— Ты опять собираешься меня одну бросить? — голос Людмилы Петровны дрогнул так, что муж за столом машинально отодвинул тарелку.
Ольга не сразу ответила. Сидела напротив, держа в руках кружку с уже остывшим чаем, и смотрела на расписание рейсов в телефоне. Вылет в субботу в семь утра. Четыре дня. Четыре дня до моря, которого она не видела пять лет.
— Мам, ну что значит "бросить"? — Андрей вздохнул, потер переносицу. — Мы всего на неделю. Всего. Семь дней.
— Семь дней... — свекровь криво усмехнулась и откинулась на спинку стула. — За семь дней с моим сердцем что угодно может случиться. Но кому это интересно, правда, Олечка?
Она перевела взгляд на невестку. Такой же, как всегда: снизу вверх, с прищуром, как будто рассматривает пятно на скатерти.
— Я ничего не говорю, — спокойно ответила Ольга, хотя в животе все сжалось. — Мы билеты купили ещё в июле.

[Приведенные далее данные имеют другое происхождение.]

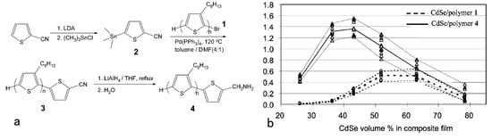 Figure 3. (a) Synthesis route for P3HT with amino end-functionality. (b) Plots of power conversion efficiency (PCE) versus the volume ratio of CdSe with polymer 4 (solid lines) and polymer 1 (dashed lines) as the donor, respectively. Note the very high reproducibility of the lowest, highest and average performance for numerous duplicating devices. Reproduced with permission from [29], Copyright © 2004, American Chemical Society.

Вы знали.
— Знала, — тут же подхватила та. — А кто ж думал, что мне так плохо станет именно сейчас?
Ольга молчала. "Именно сейчас" у Людмилы Петровны случалось каждую осень, как только они с Андреем начинали собирать чемоданы. В прошлом году у неё "перекосило лицо", в позапрошлом "подскочило давление до двухсот", в позапозапрошлом "сердце кололо всю ночь".

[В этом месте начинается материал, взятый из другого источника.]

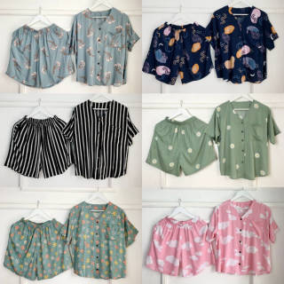 One Set Rayon Premium Nightgown Short sleeve shorts - motif 4
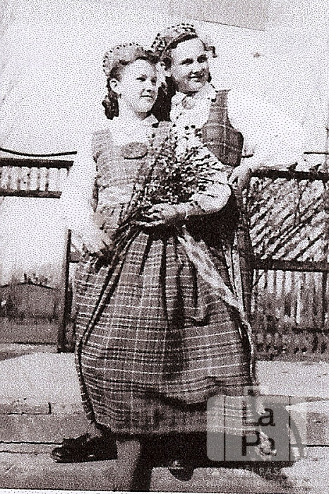 Divas jaunietes tautastērpos Vīnertas nometnē pie Hūzumas (angļu zonā), gatavojoties Lieldienām. Viena jauniete rokās tur pūpolus. Fonā žogs un ieejas vārti. No kreisās: Maija Noriņa (pr. Ikstruma), Inese Šulcs.

И каждый раз заканчивалось одинаково: сданные билеты, потерянные деньги и Ольга, стирающая в ванной купальник, так ни разу и не намокший в море.
— Ты к врачу записалась? — попыталась перевести в практику. — Анализы, кардиолог, вот это всё?
— Конечно, конечно, — свекровь сразу закашлялась, поднимая на Андрея затравленный взгляд. — Я ж не сумасшедшая. Мне же жить хочется. Но к врачу ещё надо дожить.
— Мам, перестань, — Андрей отодвинул стул, встал. — У тебя вчера давление было сто двадцать на восемьдесят. Я сам мерил.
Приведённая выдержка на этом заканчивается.